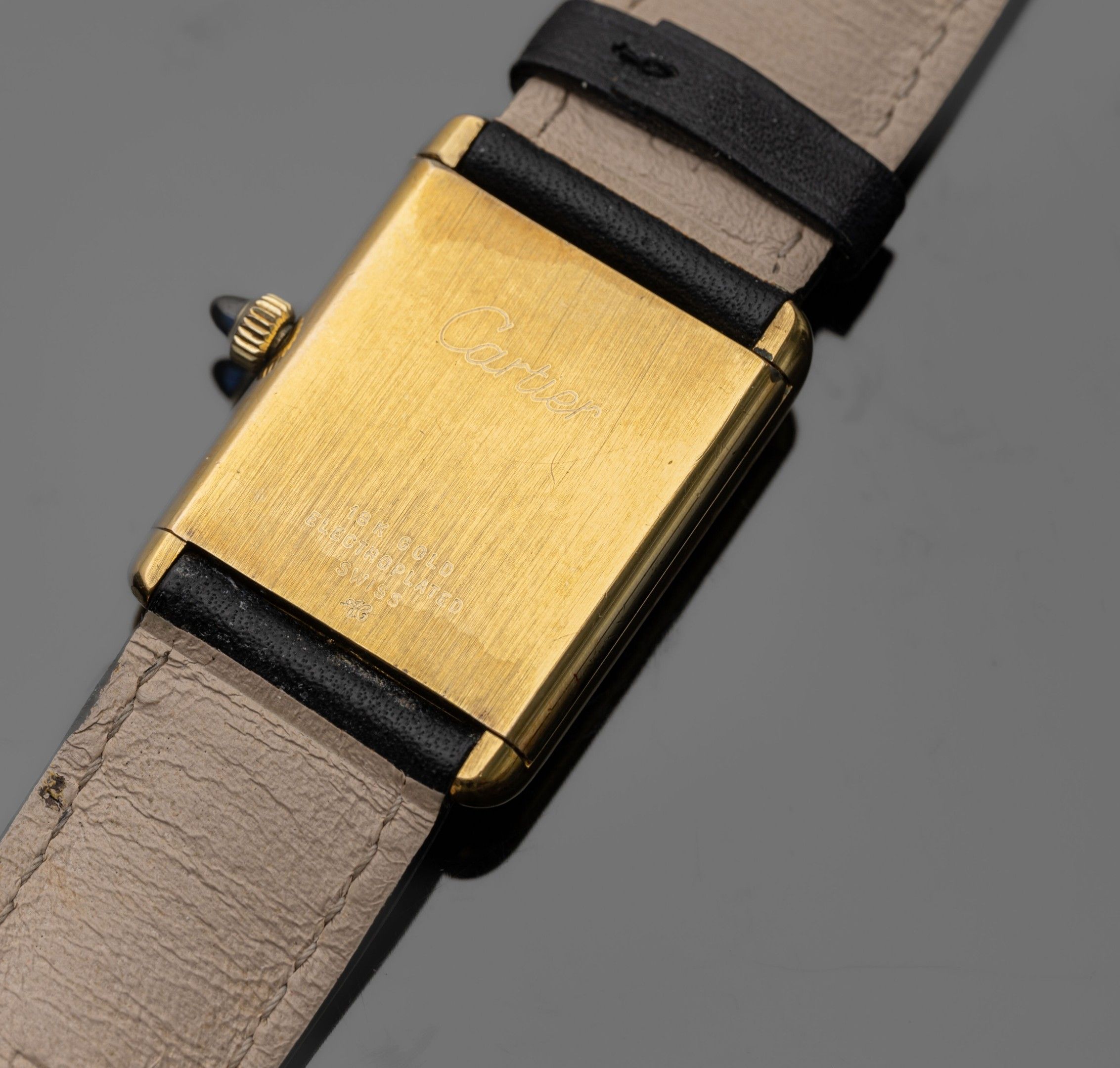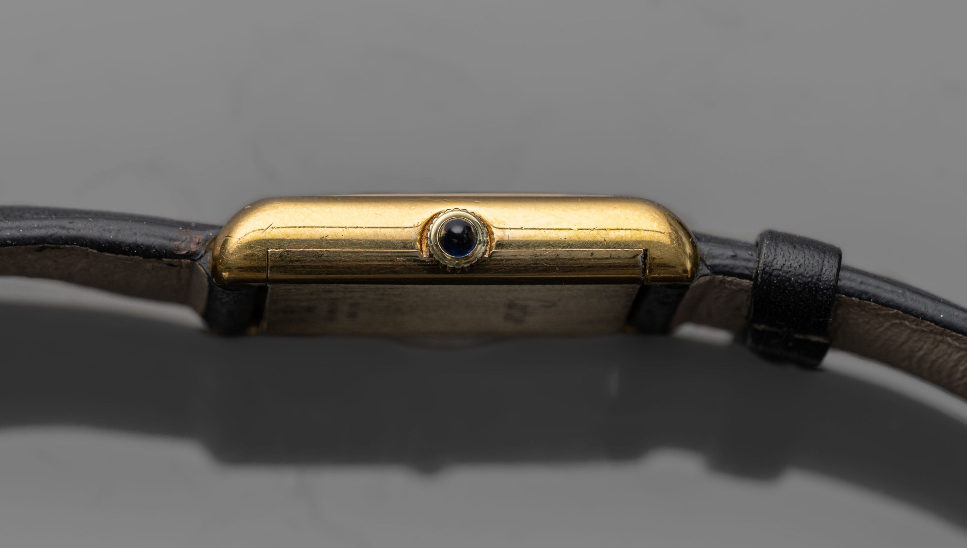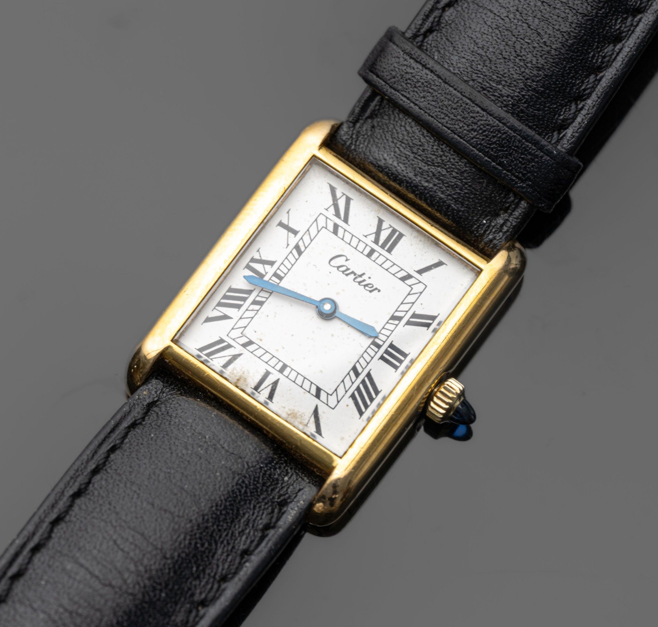 Gold-plated metal watch, "Tank" (pre-must) type, rectangular dial with white background (dust and slight dirt), black Roman numerals, hand-wound mechanical movement (base calibre ETA 2512: signed). The back is signed, the winding crown decorated with a blue stone cabochon.
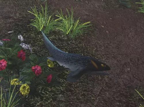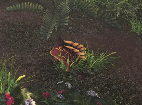 身上残留着浓厚原始两栖类特征的生物。下雨时,会发出独特的叫声。 古代树森林和大蚁塚荒地中常见的两栖鱼。 古代树森林:11区池塘1和地下水道 大蚁塚荒地:1区池塘、2区池塘 粉色异形鱼
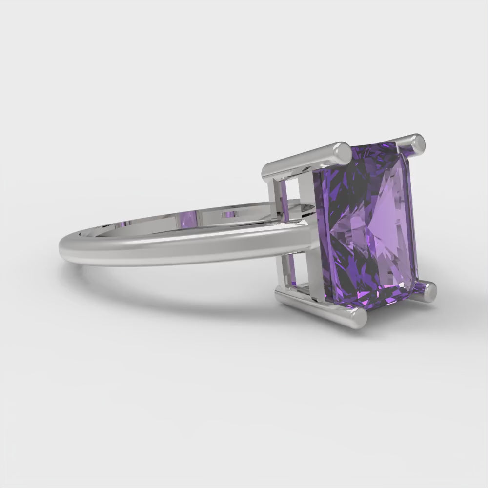 2 cttw Simulated Alexandrite Solitaire Engagement Ring - Solid Gold (Emerald Cut,8x6mm)
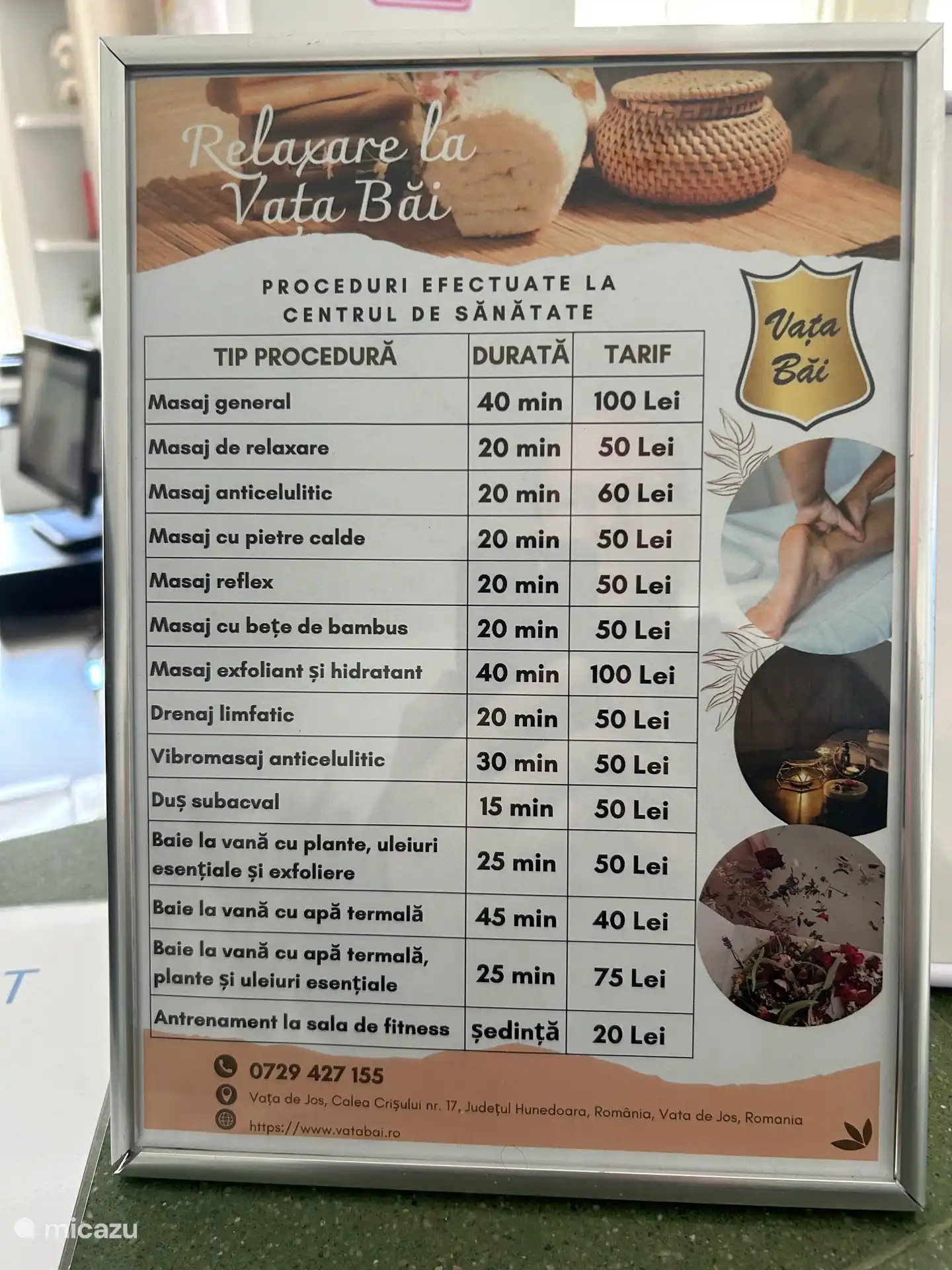 Nearby, in Vata de Jos, you will find a wellness centre with various herbal baths, massages and other body treatments.
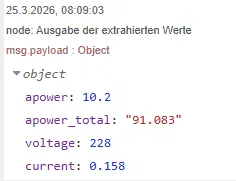 Mit der Function-Node extrahieren wir die Daten aus dem JSON. Da uns wie erwähnt nur die Werte von apower, voltage, current und aenergy.total interessieren fassen wir diese in ein JSON zusammen.
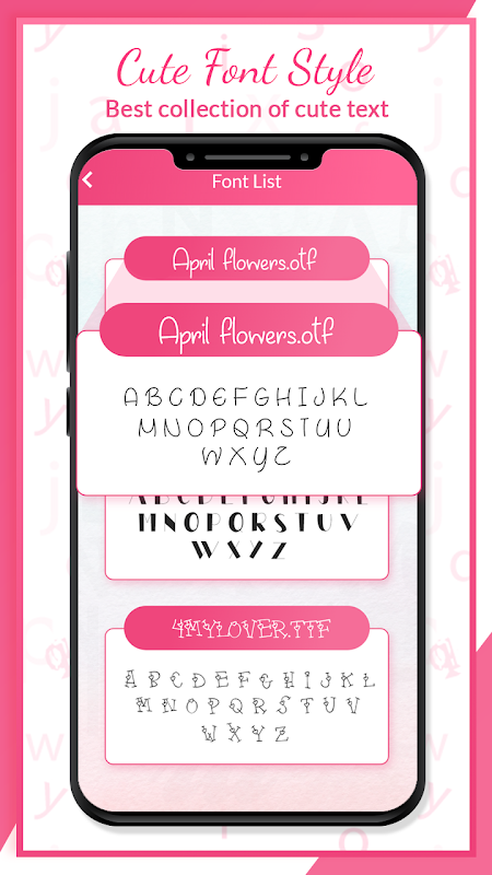 Gebruik onze slimme applicatie Cute Font Style waarmee gebruikers een of meer Letterstijl op je mobiel kunnen krijgen. Applicatie waarmee gebruikers direct een voorbeeld van lettertypen kunnen zien en vervolgens op het apparaat kunnen toepassen. Snelle instellingen om uw lettertype binnen enkele seconden direct te wijzigen. Ontvang leuke lettertypen met een grote collectie en een coole manier om de stijlvolle look te veranderen in een Android-telefoon met aantrekkelijke lettertypen.
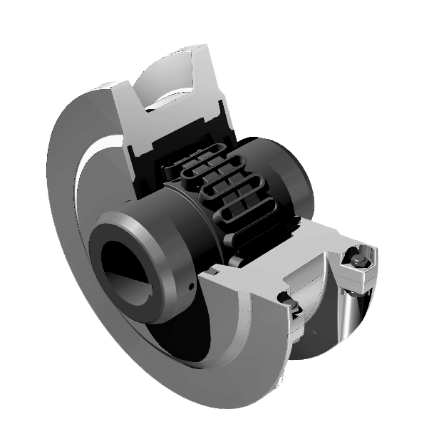 Combines the torque capacity of gear couplings with the torsional flexibility of elastomer couplings. The metallic grid coupling offers up to 30% damping effect – unique to this coupling class.

=-=-=-=-=

_WORK ORDER_: Only one stretch of the listing is wanted: the lines starting at the one with "Nearby, in Vata" and ending at the one with "Mit der Function-Node", copied exactly and free of pictures.

_RESPONSE_:
 Nearby, in Vata de Jos, you will find a wellness centre with various herbal baths, massages and other body treatments.
 Mit der Function-Node extrahieren wir die Daten aus dem JSON. Da uns wie erwähnt nur die Werte von apower, voltage, current und aenergy.total interessieren fassen wir diese in ein JSON zusammen.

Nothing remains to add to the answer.